On May 2 2019, Hello Magazine published a glowing review of Madonna & Maluma’s live performance of Medellin at the Billboard Music Awards (which aired on May 1).

Here’s a snippet of the review:

Madonna made a comeback like no other on Wednesday night as she broke boundaries once again on stage at the Billboard Music Awards. The American pop sensation took to the stage as she performed her new single Medellin with singer Maluma. Halfway into the performance, the pair were joined by four life-like holograms of Madonna, which appeared alongside them before quickly vanishing in puffs of smoke. Each hologram was wearing one of the costumes Madonna modelled in the music video for Medellin, and appeared again later in the performance, continuing to dance alone on the stage as Madonna and Maluma made their way into the crowds. The holograms were created by world-leading volumetric and 3D capture studio Dimension.

This was Madonna’s first performance at the Billboard Music Awards in over four years, and Maluma was only too happy to be sharing the stage with her. This was the Colombian star’s first-ever performance at the prestigious awards, and told E! on the red carpet how their collaboration came about. He said: “It was crazy, I went to the VMAs. I met her [Madonna] over there, then I was touring in Europe and in London she called me and she said she had a song for me called Medellín. I’m from Medellín, Columbia and it’s crazy that she said that she wanted me to be part of the project.” Madonna was just as happy to perform with Maluma, and said after the performance: “Madame X on stage performing with her favourite Papi – thank you @maluma.”

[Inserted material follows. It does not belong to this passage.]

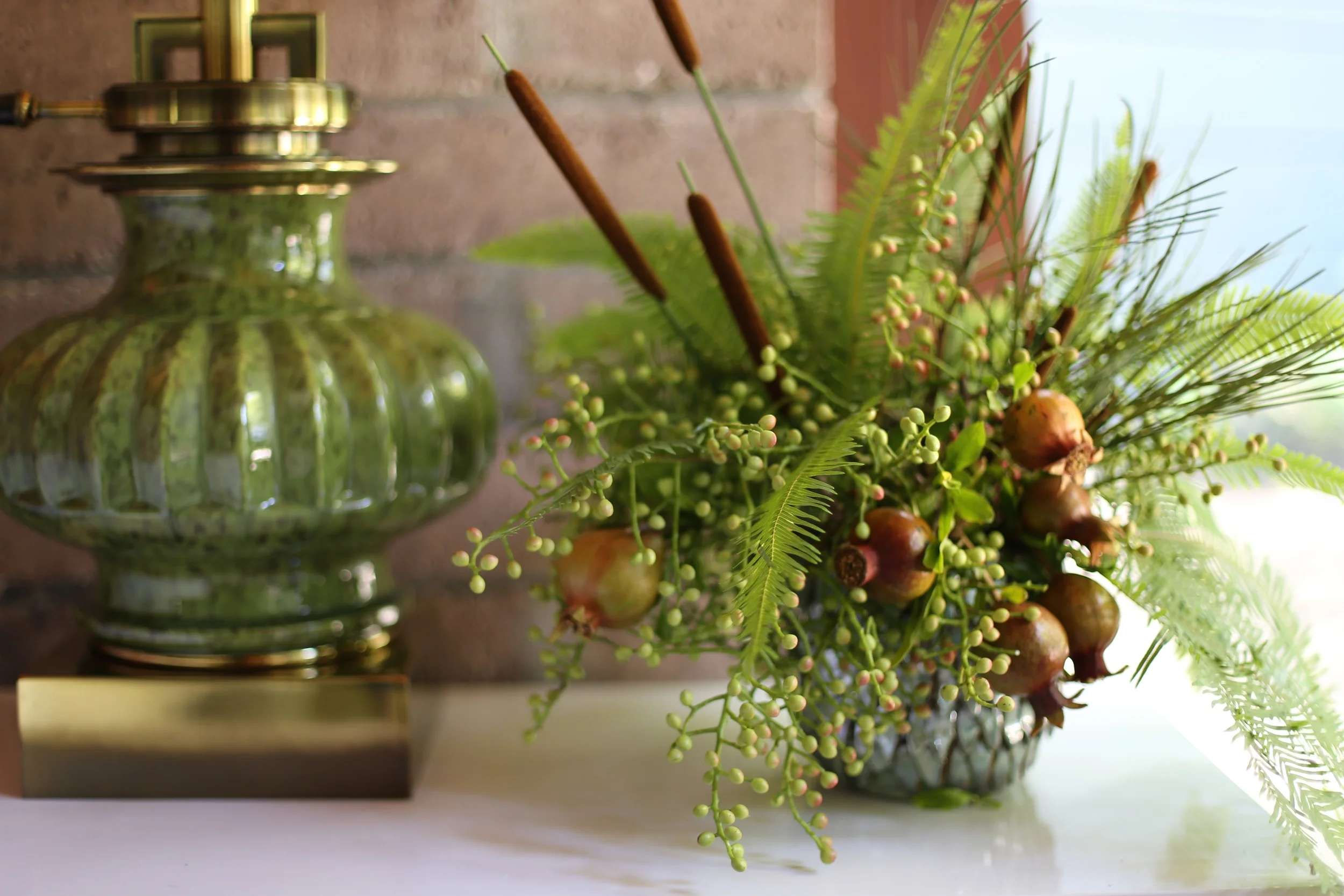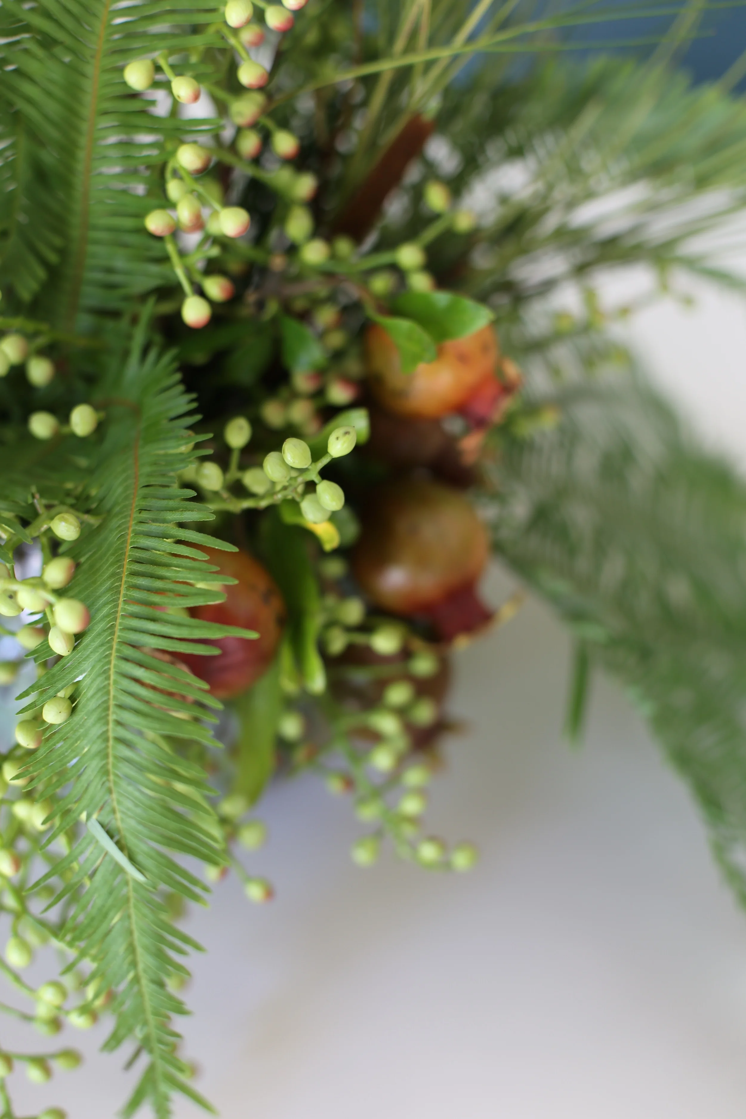 On a visit to the SF flower market earlier this summer, I came across bunches of cattails. Clearly they were put on my path to become an inspiration for a botanical arrangement. I balanced the velvet-like plumes with pomegranate pods, pistachio berries and seastar fern stems for added softness. My bedside table never looked this good. Sometimes, a girl needs to treat herself. Right?!

Today in Madonna History: April 24, 2019

On April 24 2019, Madonna’s music video for Medellín, featuring Maluma, premiered during an MTV special. The music video was directed by Diana Kunst and Mao Morco.

During the intro to the video, Madonna whispers:

“I will never be what society expects me to be. I have seen too much… I cannot turn back. I have been kidnapped, tortured, humiliated and abused. But I still have hope. I still believe in the goodness of humans. Thank god for nature. For the angels that surround me. For the spirit of my mother, who is always protecting. From now on, I am Madame X. And Madame X loves to dance… Because you cannot hit a moving target.”

Today in Madonna History: April 19, 2019

On April 19 2019, Billboard announced that Madonna and Maluma would perform Medellín at the 2019 Billboard Music Awards:

Madonna and Maluma are bringing the worldwide television debut performance of their single Medellín to the 2019 Billboard Music Awards. The appearance, announced on Friday (April 19), will be Madonna’s first performance of new music on TV in more than four years. The pair will take the stage on May 1 at the Kelly Clarkson-hosted show, which will air on NBC at 8 p.m. ET/PT.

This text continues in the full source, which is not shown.